Mitotic chromosome condensation mediated by the retinoblastoma protein is tumor-suppressive

Abstract

Condensation and segregation of mitotic chromosomes is a critical process for cellular propagation, and, in mammals, mitotic errors can contribute to the pathogenesis of cancer. In this report, we demonstrate that the retinoblastoma protein (pRB), a well-known regulator of progression through the G1 phase of the cell cycle, plays a critical role in mitotic chromosome condensation that is independent of G1-to-S-phase regulation. Using gene targeted mutant mice, we studied this aspect of pRB function in isolation, and demonstrate that it is an essential part of pRB-mediated tumor suppression.
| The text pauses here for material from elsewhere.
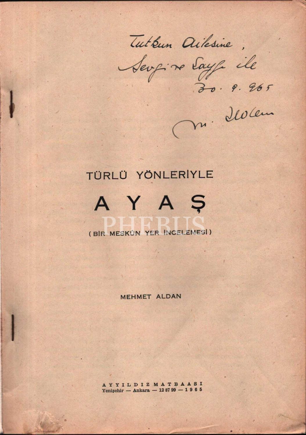 Mehmet Aldan´dan ithaflı ve imzalı TÜRLÜ YÖNLERİYLE AYAŞ (Bir Meskûn Yer İncelemesi), Ayyıldız Matbaası, Ankara - 1965, 236 sayfa, 17x24 cm

Cancer-prone Trp53(-/-) mice succumb to more aggressive forms of cancer when pRB's ability to condense chromosomes is compromised. Furthermore, we demonstrate that defective mitotic chromosome structure caused by mutant pRB accelerates loss of heterozygosity, leading to earlier tumor formation in Trp53(+/-) mice. These data reveal a new mechanism of tumor suppression, facilitated by pRB, in which genome stability is maintained by proper condensation of mitotic chromosomes.

Figure 1.

Rb1^ΔL/ΔL cells display aberrant chromosome condensation and segregation. (A) Metaphase chromosome spreads were prepared from MEFs or ESCs of the indicated genotypes. Chromosomes were stained with DAPI (blue) and a probe for major satellite repeats (green) to mark centromeres. Red arrows indicate contact between centromeres from different chromosomes, and yellow arrows indicate centromere contact involving three or more chromosomes. Inlays highlight expanded views of select chromosomes. Bars, 25 μm. (B) The frequency of centromere interactions per mitosis is plotted for each genotype (Rb1^ΔL/ΔL and Rb1^+/+) and cell type (MEF and ESC). (Right graph) In addition, the number of centromeres involved in each interaction was determined for ESC metaphase spreads, and is displayed as the frequency of multiple chromosome interactions. (C) Video microscopy was performed on MEFs expressing an H2B-GFP reporter by capturing phase-contrast and GFP images every 3 min over a 15-h time course. The images shown begin with the onset of chromatin condensation in prophase as the left-most panel. The last image of the metaphase plate before the onset of anaphase is indicated along with the elapsed time since the onset of prophase (in minutes). The right-most image shows resolved daughter (or binucleated) cells. The numbers in the left-most image correspond to references in the Supplemental Material and Supplemental Movies. Bars, 50 μm.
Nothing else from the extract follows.